Дафан недобро взглянул на Крыса. Почуяв неладное, Цовев шагнул к нему, но не успел: Еж быстро вонзил меч себе в живот, распарывая его сверху вниз.
— Так ты женишься на мне? — требовательно поинтересовалась Нальмес.
Халвард глубоко вздохнул, восстанавливая дыхание. Взгляд его снова стал пустым и тусклым.
— Нет, не женюсь, — произнес он как можно грубее. — Ты хочешь замуж? Можешь выбрать мужа себе по вкусу. Но сначала подготовь замену. Если подготовишь хорошо, я тебя отпущу. И дам приданное в тысячу золотых.
Нальмес притворно фыркнула.
— Нашел чем удивить: деньги, муж. Я хотела, чтобы ты на мне женился.
— Не выйдет ничего, — устало объяснил он. — Ты не представляешь, что тебя ждет. У меня в голове тысячи голосов: дети, старики, молодые парни... Я не могу их заглушить, хотя иногда очень хочется. И когда я возвращаюсь вечером домой, мне не хочется никого видеть. Я не свихнулся только потому, что у меня есть амулет. Но ты — точно свихнешься. Жить в моем доме, ни с кем не общаться, даже не говорить. Жены эйманов тебя не примут. Я в лучшем случае буду молчать целыми днями. В лучшем случае. Более вероятно, что я буду орать, потому что ты будешь меня раздражать. Сомневаюсь, что у тебя будут дети. Как-то не слышал никогда, чтобы от Охотников рожали. Тебе это нужно? Мне — точно нет. Охотники — одиночки. Ни тебе, ни мне этого не изменить.

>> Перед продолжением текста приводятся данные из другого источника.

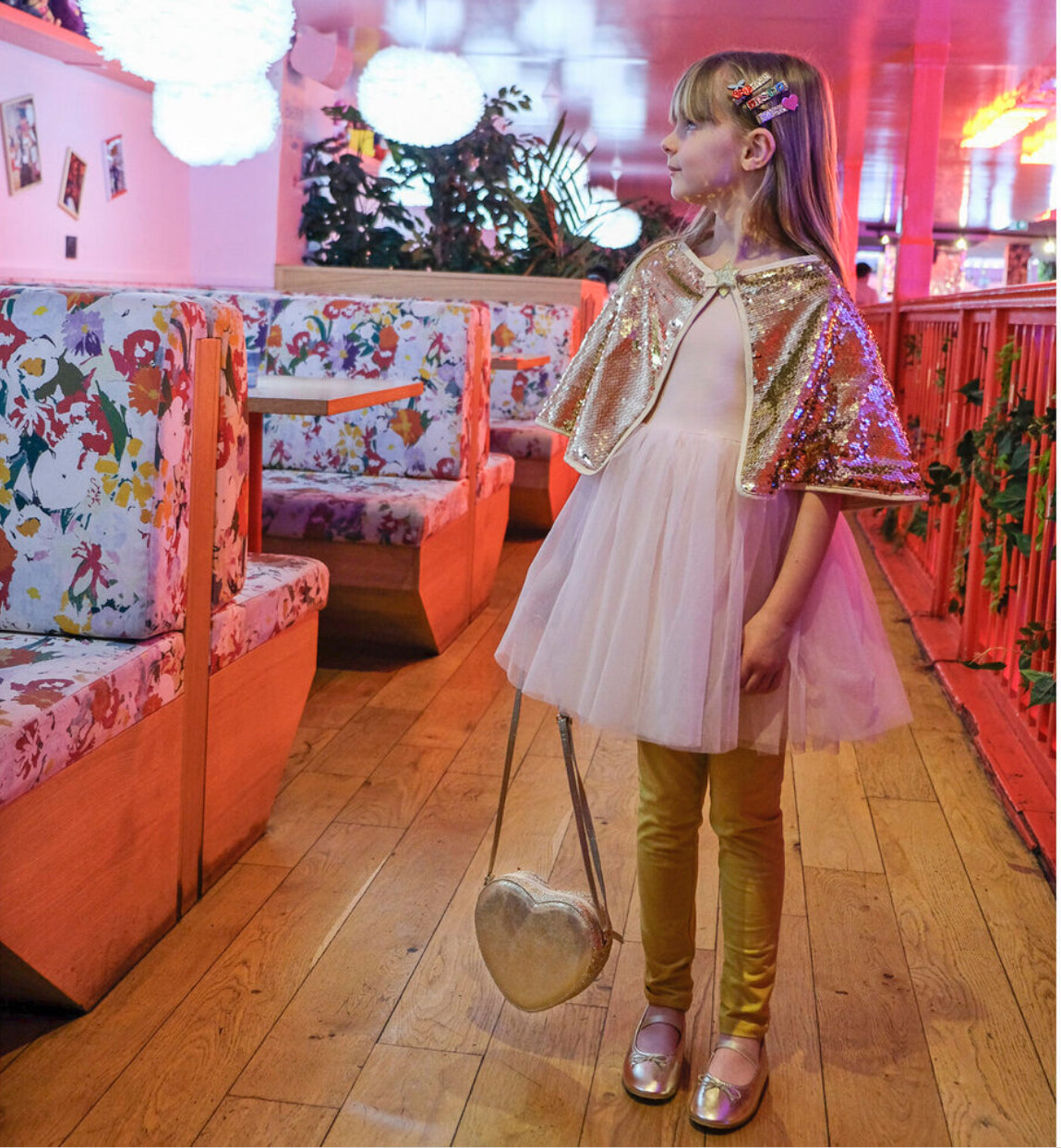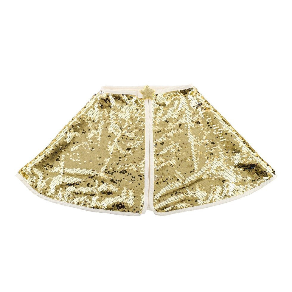 ¡Prepárate para deslumbrar con nuestra capa de lentejuelas doradas! Adornada con lentejuelas doradas y con un cierre de velcro con estrellas doradas brillantes. Completamente forrada con estrellas doradas y ,¡es reversible para el doble de diversión! ¡El accesorio perfecto para las fiestas! También podrás hacer juego con cartera y accesorios de cabello! Se verá espectacular...

— Ну, — рассмеялась женщина, — я бы попробовала. Я тебя знаю, ты любишь преувеличивать, — она ласково провела ладонью по его груди, задержав пальцы на татуировке: синий круг, словно идеально ровное родимое пятно необычного цвета. Она уже хотела поцеловать это место, когда Халвард вскрикнул от боли и сел на кровати, прижимая руку к груди.
— Что? — испугалась Нальмес и закричала, увидев, что пальцы у нее в крови, а из татуировки, где она только что касалась пальцами, лилась кровь.
Халвард зажимал рану, стискивал зубы, чтобы не кричать, но стон все равно вырвался.
— Что? — плакала женщина. — Это я? Я? Да? Что делать, Халвард?
— Бинт... тряпку... что-нибудь...
Рыдая, она скомкала простынь, он прижал ее к груди. Нальмес вскочила и бросилась к тазу с водой, затем подбежала к шкафу, взяла другую простынь, разорвала ее. Обмакнула в воду.
— Это я? Да? — она плакала и омывала рану. — Я сделала что-то не так?
— Шереш! — заорал Халвард, едва кровь утихла. — Они его убили. Шереш! Перевязывай скорее, мне надо уезжать. Шереш бы их всех побрал! — он даже рычал от злости.
Нальмес стянула повязку узлом, и он тут же принялся натягивать рубашку. Получалось плохо.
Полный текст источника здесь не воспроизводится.